When I have my hands placed one palm in the other with the tips of the thumbs touching, I find I can't really relax my hands. Having my hands in such a placement causes some exertion of energy. To have the thumbs pressed upon each other causes some effort and I find my mind constantly focusing on my hands and repositioning them into a more comfortable stance. I kind of press the thumbs together to lock them in place so they don't collapse. I have a sand bag where I rest my hands but still theirs a slight strain.

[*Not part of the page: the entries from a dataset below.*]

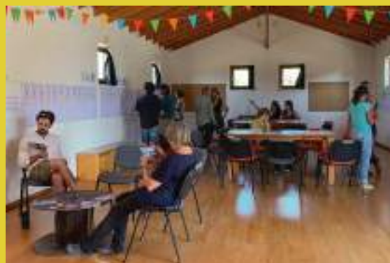
Reunião Comunitária, OrlaDesign 2019
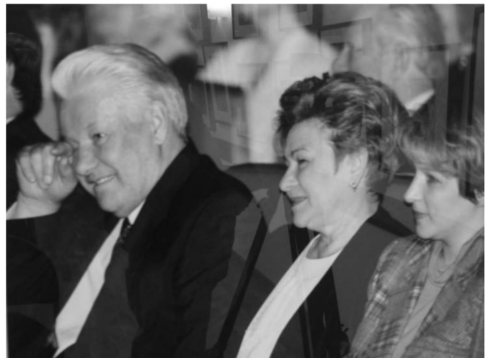
Один из снимков с фотовыставки. Борис Николаевич с женой и дочерью Татьяной
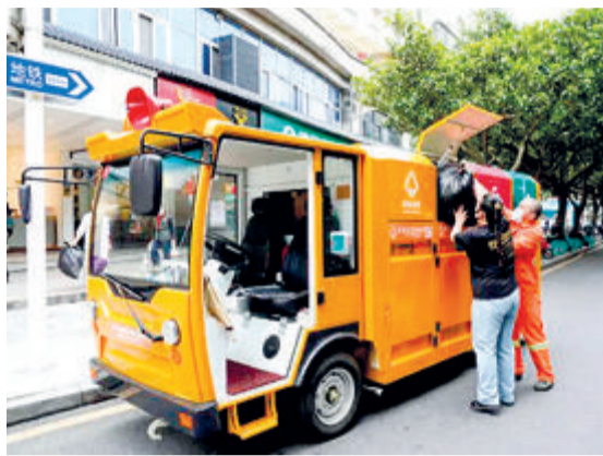
海沧区创新探索环卫作业模式，加大机械化投入提升作业效率。

下一步，市创建办和市城管办将加强文明创建重点部位考评，并对考评发现问题进行“回头看”检查，全力争创全国文明城市。
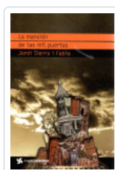
MANSION DE LAS MIL PUERTAS, LA (CUATROVIENTOS) SIERRA I FABRA, JORDI
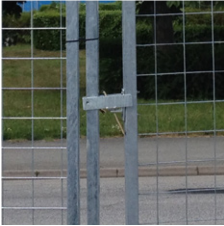
Fällregel - dubbelgrind

I feel if I can get my hands in a more relaxed position my meditation practice will become heightened.

Advice, experience?

Comments

  • FenixFenix Veteran
    sometimes I get that feeling and sometimes my hands feel extremely comfortable. sry I cant help
  • It sounds as if you have a problem with your hands being too tense. Am I right?
    If that's the case then that's OK. You obviously don't want your body to be too tense, otherwise you wouldn't be meditating, but what you want to understand is that you don't want your body to turn into a bowl of porridge and just slop all over itself. When you start to meditate, your body might have tension, gradually you just let it go breath by breath and your hands will naturally settle into themselves. As you enter into a more advanced stage of the meditation your whole body, including your hands, will have entered this state of perfect relaxation, where it is not too tense, and not too lose.
  • Place your hands wherever it feels comfortable first. Just rested on your lap should be fine. You can even move them around to find where it is most comfortable. Once you find a comfortable place for them, you can now go back to single minded focus and breath, and once you reach that everything else falls into place and uncomfortableness including with the hands will also fade into the focus that you have reached.
  • Bodha8Bodha8 Veteran
    The Mudra should reflect he type of meditation you wish to practice. If slight adjustments to your Mudra are required to all;ow you to relax more, then you should make them.

    With Metta
  • jlljll Veteran
    edited June 2011
    The issue is not your hands, its your monkey mind up to its old tricks. Once you solve the hand problem, it will be something else.
  • seeker242seeker242 Zen Florida, USA Veteran
    The hands are usually not supposed to be completely relaxed. To press the thumbs together makes too much tension. They should just lightly be touching each other with just the tips, not pressing any way. What prevents them from collapsing is mindfulness of your posture.
  • The issue is not your hands, its your monkey mind up to its old tricks. Once you solve the hand problem, it will be something else.
    ^^this
  • lightwithinlightwithin Veteran
    edited June 2011
    Having my hands in such a placement causes some exertion of energy.
    I totally know what you mean. I find myself in the same position as well. I learned the cosmic/universal mudra is the proper position in Zazen and I tried to keep it as long as I could, but had to give it up for the same reason.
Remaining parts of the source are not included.